Escuchaba los latidos de un inquieto corazón, sus manos se abrasaban acariciando ardientes y nocturnales senos. Bajo infinito árbol, de melancólica copa, dormitaba. ¡Qué dulce aquel regazo, qué prístina pureza! En retorcido tronco se apoyaba, entre frágiles ramas bostezaban sus dolientes sueños. Espíritus nocturnos iluminaban primorosas tinieblas, la fuerza de unos ojos paraba el pulso del tiempo. ¡Transparentes lagos, ríos de indomable savia…! Dejándose envolver por oscura y espesa cabellera, en cálidas arenas buscaron la paz sus manos…
“¡Ay, banalidad del día –al clarear, se lamentaba–, con qué descaro muestras tus rasgos escandalosamente obscenos! Inocente, mi alma se ruboriza ante tu desvergonzada desnudez. Cuando caiga la noche, mis malheridos labios, en agónicos vientres vomitarán tus esperpénticas mentiras”.
SOMBRAS
Una dulce lluvia atenuaba su dolor, a su alrededor revoloteaban ocres emociones. Se alejaban los ecos de la guerra, ¡era tan pacífica la canción del agua…! Al oírla, pudo dormir en paz.

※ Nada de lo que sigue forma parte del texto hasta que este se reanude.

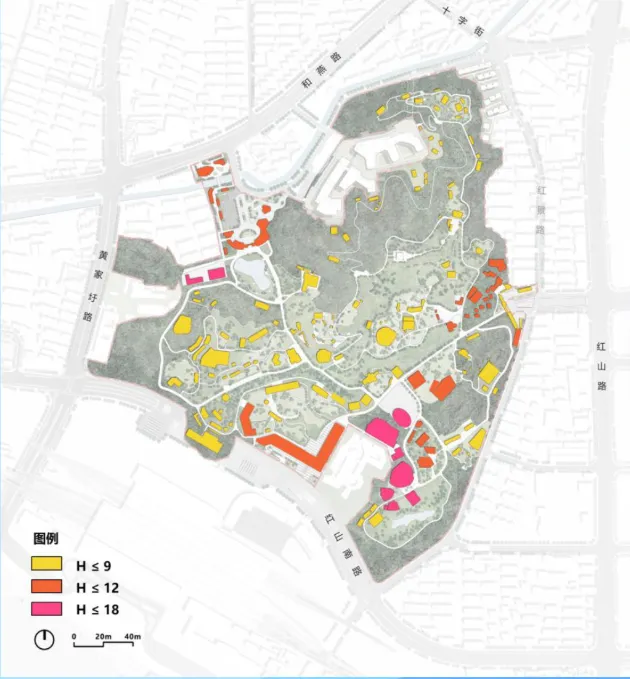 七、建筑规模与高度根据动物园原有地形地貌,实行差异化建筑高度限制。建筑物高度应控制在不遮挡山体背景、不破坏重要视线通廊的范围内,保证整体景观协调性。为适应发展需求,现将园内规划建筑总面积提高为13.4万平方米。建筑高度分为以下三个层级:单层或9米以下;一般不超过12米,(即不高于三层);以功能需求为导向,但应控制在18米以内。
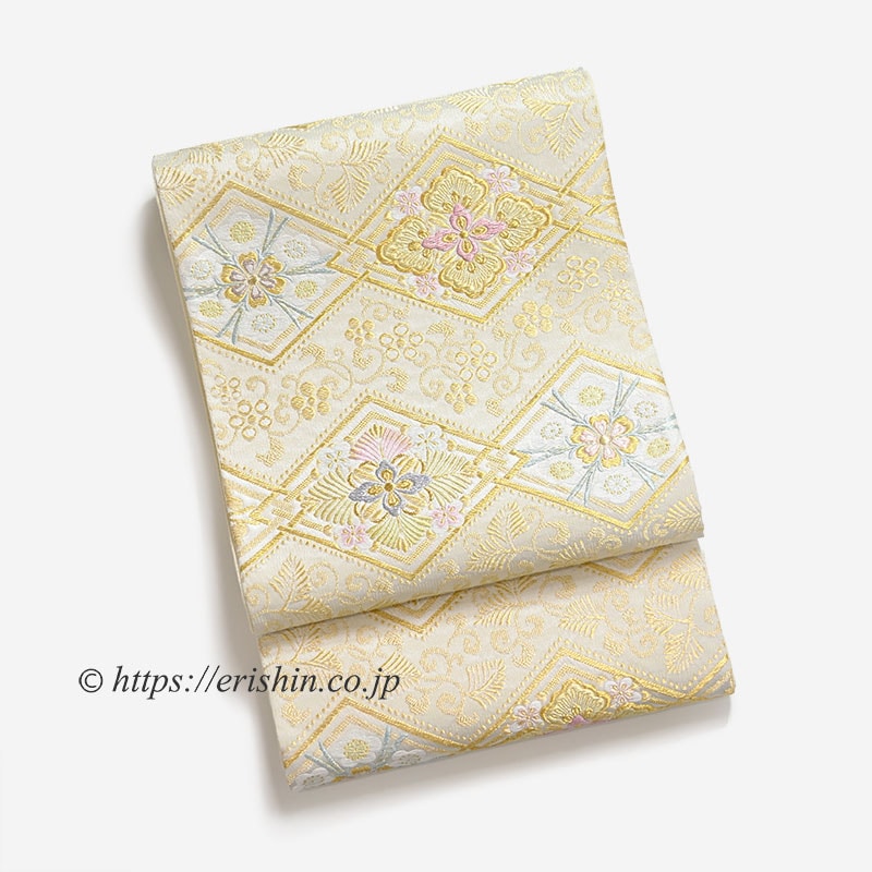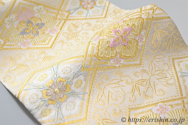 優しいパステルトーンで織り上げられた松竹梅はふっくらとした織り味で華やかですね。
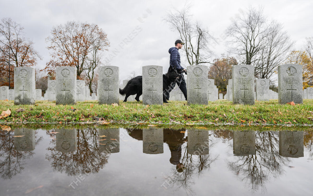 A man walks past tombstones marking Canadian Armed Forces veterans in Notre-Dame-des-Neiges Cemetery in Montreal on Monday, Nov. 11, 2024. THE CANADIAN PRESS/Christinne Muschi
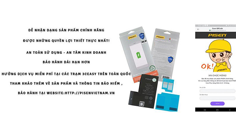 Sau khi tiến hành quét mã QR Code chống giả, người tiêu dùng sẽ được Pisen Việt Nam hỗ trợ kích hoạt gói bảo hành gia tăng lên tới 24 tháng với phụ kiện, 420 ngày với dịch vụ thay pin điện thoại.

Soñando estrellas, la noche le dijo su misterio. Una encendida llama, en la que ardía su esperanza, crepitaba mostrándole un cortejo nupcial. Parecían unirse la Vida y la Muerte, insinuantes, se oían los susurros de la luz inclinándose ante las sombras.
¡Oh música, –cantaba–,
oh música de las sombras!
Las alas del tiempo
se mueven con tu ritmo,
se esconde la nostalgia
en tus solemnes notas.
Estridentes graznidos,
turbios presentimientos,
como erráticos cuervos
vuelan entre mis nubes.
Dramática la hondura de esta noche infinita, enigmáticas voces, desde lo alto, hasta él llegaban. ¡Sin romper el silencio las cortinas se abrieron…! Una suave luz se extendió por la alcoba, acarició sus sábanas, iluminó sus sueños. “¡Solos, la noche y yo…! –se decía–. ¡Amada mía, gocemos, gocemos de este breve momento en que nos iluminan las tinieblas!”.